* [About this task]
Only those lines in the data below from the line containing "新老款传祺GS8侧面造型虽然" through the line containing "トイレや洗面台、洗濯機置き場", both included, should be restated word for word.

* [Data to process]
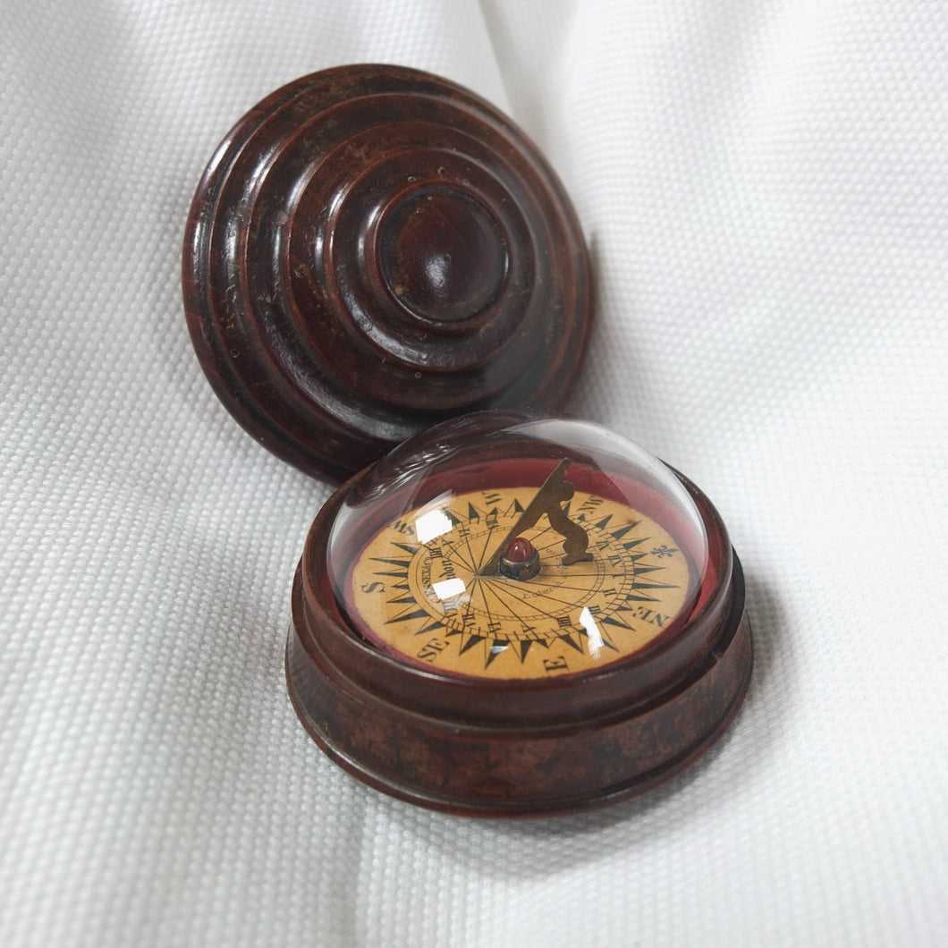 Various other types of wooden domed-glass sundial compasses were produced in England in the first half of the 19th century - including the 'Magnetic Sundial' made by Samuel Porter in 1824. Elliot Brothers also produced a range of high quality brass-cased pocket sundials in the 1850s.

---

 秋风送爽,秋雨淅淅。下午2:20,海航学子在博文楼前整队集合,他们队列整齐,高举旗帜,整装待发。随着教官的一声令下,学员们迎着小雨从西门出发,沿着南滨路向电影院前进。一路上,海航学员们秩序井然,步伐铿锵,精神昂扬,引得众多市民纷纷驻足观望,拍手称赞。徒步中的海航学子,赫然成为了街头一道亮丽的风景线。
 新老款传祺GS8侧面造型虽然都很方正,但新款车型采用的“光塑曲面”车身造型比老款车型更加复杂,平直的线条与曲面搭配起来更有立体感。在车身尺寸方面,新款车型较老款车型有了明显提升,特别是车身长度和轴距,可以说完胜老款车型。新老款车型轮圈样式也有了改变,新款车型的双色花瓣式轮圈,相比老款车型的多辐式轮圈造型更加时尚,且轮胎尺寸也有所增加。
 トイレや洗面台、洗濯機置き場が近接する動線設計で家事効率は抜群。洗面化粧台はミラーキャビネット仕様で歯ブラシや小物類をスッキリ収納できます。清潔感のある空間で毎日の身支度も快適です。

--

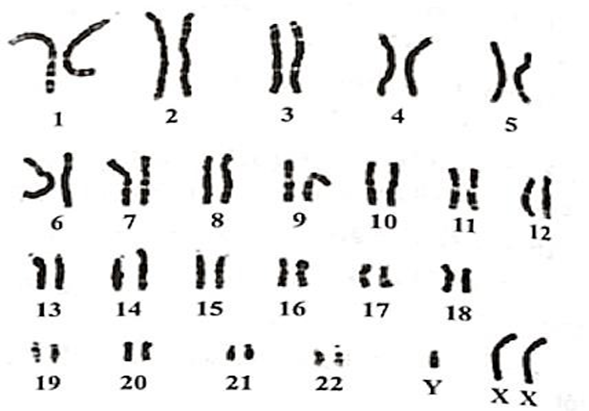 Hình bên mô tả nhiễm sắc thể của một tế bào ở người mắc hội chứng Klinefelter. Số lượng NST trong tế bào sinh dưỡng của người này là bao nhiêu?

* [Answer box]
 新老款传祺GS8侧面造型虽然都很方正,但新款车型采用的“光塑曲面”车身造型比老款车型更加复杂,平直的线条与曲面搭配起来更有立体感。在车身尺寸方面,新款车型较老款车型有了明显提升,特别是车身长度和轴距,可以说完胜老款车型。新老款车型轮圈样式也有了改变,新款车型的双色花瓣式轮圈,相比老款车型的多辐式轮圈造型更加时尚,且轮胎尺寸也有所增加。
 トイレや洗面台、洗濯機置き場が近接する動線設計で家事効率は抜群。洗面化粧台はミラーキャビネット仕様で歯ブラシや小物類をスッキリ収納できます。清潔感のある空間で毎日の身支度も快適です。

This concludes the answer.